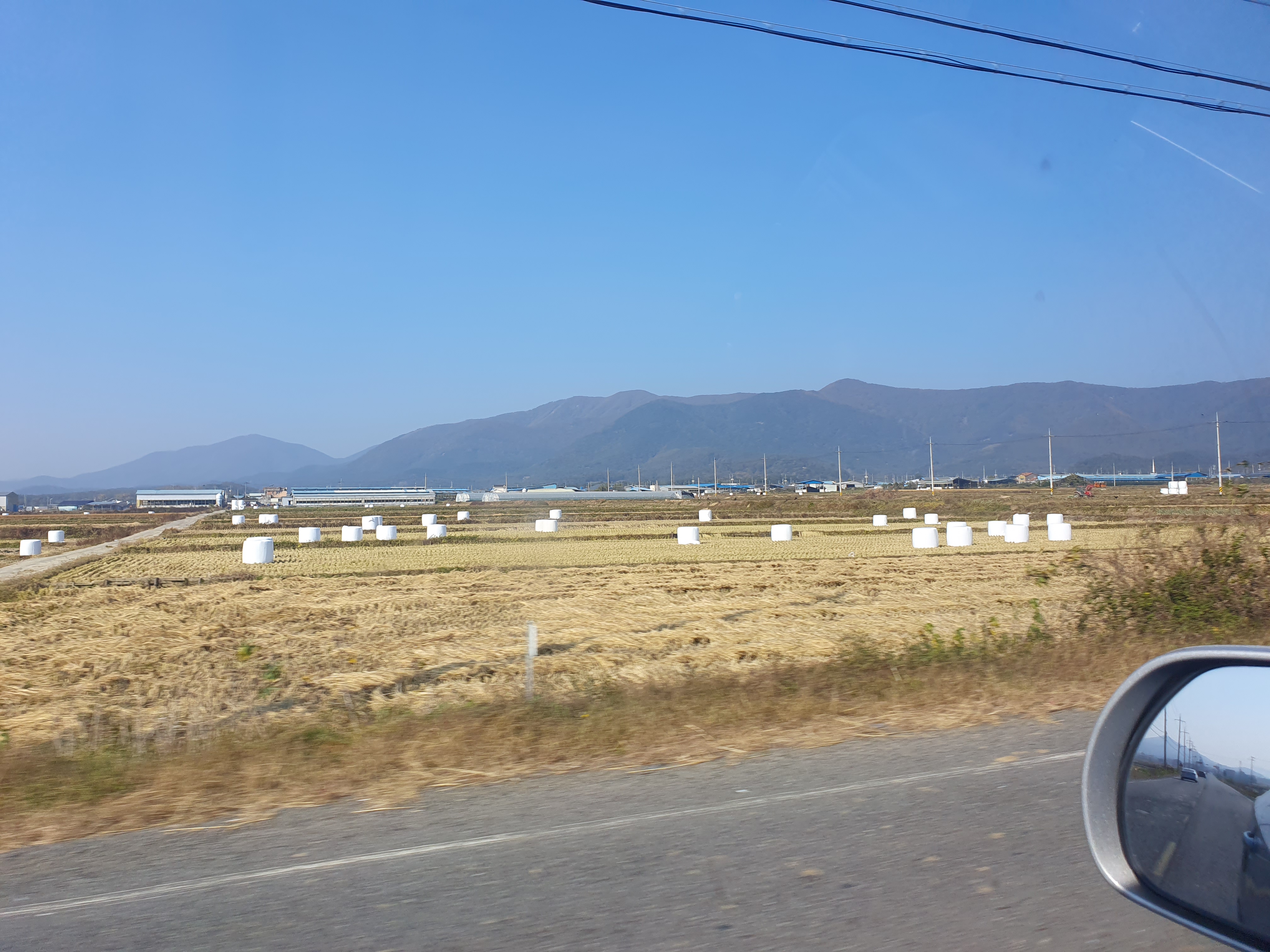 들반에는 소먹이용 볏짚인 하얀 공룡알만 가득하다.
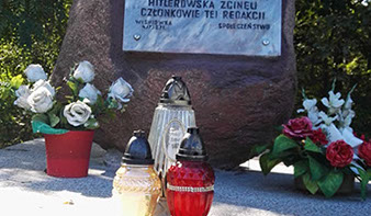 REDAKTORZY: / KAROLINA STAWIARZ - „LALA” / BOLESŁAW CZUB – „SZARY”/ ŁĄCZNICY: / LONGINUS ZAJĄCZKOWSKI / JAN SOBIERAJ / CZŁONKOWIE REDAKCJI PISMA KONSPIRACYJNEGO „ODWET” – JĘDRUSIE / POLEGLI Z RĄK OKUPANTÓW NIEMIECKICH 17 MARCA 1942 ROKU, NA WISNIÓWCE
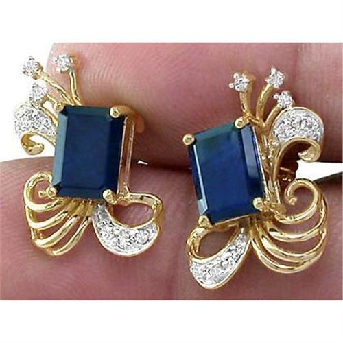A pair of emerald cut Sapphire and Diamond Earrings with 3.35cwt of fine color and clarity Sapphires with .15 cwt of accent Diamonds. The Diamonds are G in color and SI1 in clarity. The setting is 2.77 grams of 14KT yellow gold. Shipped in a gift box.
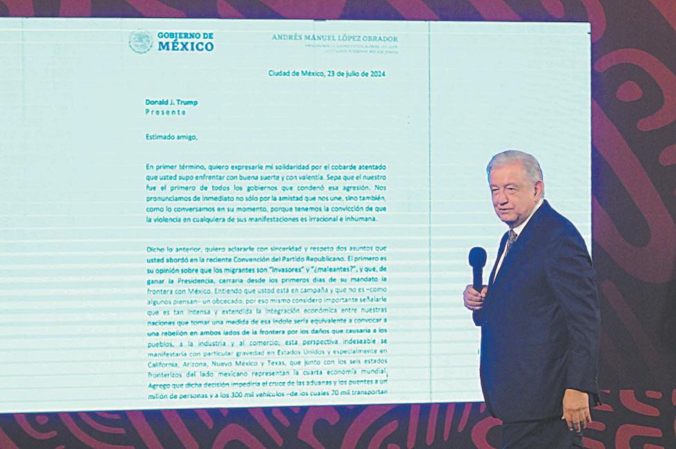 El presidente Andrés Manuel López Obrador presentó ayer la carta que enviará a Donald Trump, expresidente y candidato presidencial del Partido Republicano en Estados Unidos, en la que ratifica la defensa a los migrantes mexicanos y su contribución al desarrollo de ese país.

Work item> Write out exactly the lines beginning with the line that holds "A pair of emerald" and ending with the final line of the data, both ends included, without the pictures.

Output of the task>
A pair of emerald cut Sapphire and Diamond Earrings with 3.35cwt of fine color and clarity Sapphires with .15 cwt of accent Diamonds. The Diamonds are G in color and SI1 in clarity. The setting is 2.77 grams of 14KT yellow gold. Shipped in a gift box.
 El presidente Andrés Manuel López Obrador presentó ayer la carta que enviará a Donald Trump, expresidente y candidato presidencial del Partido Republicano en Estados Unidos, en la que ratifica la defensa a los migrantes mexicanos y su contribución al desarrollo de ese país.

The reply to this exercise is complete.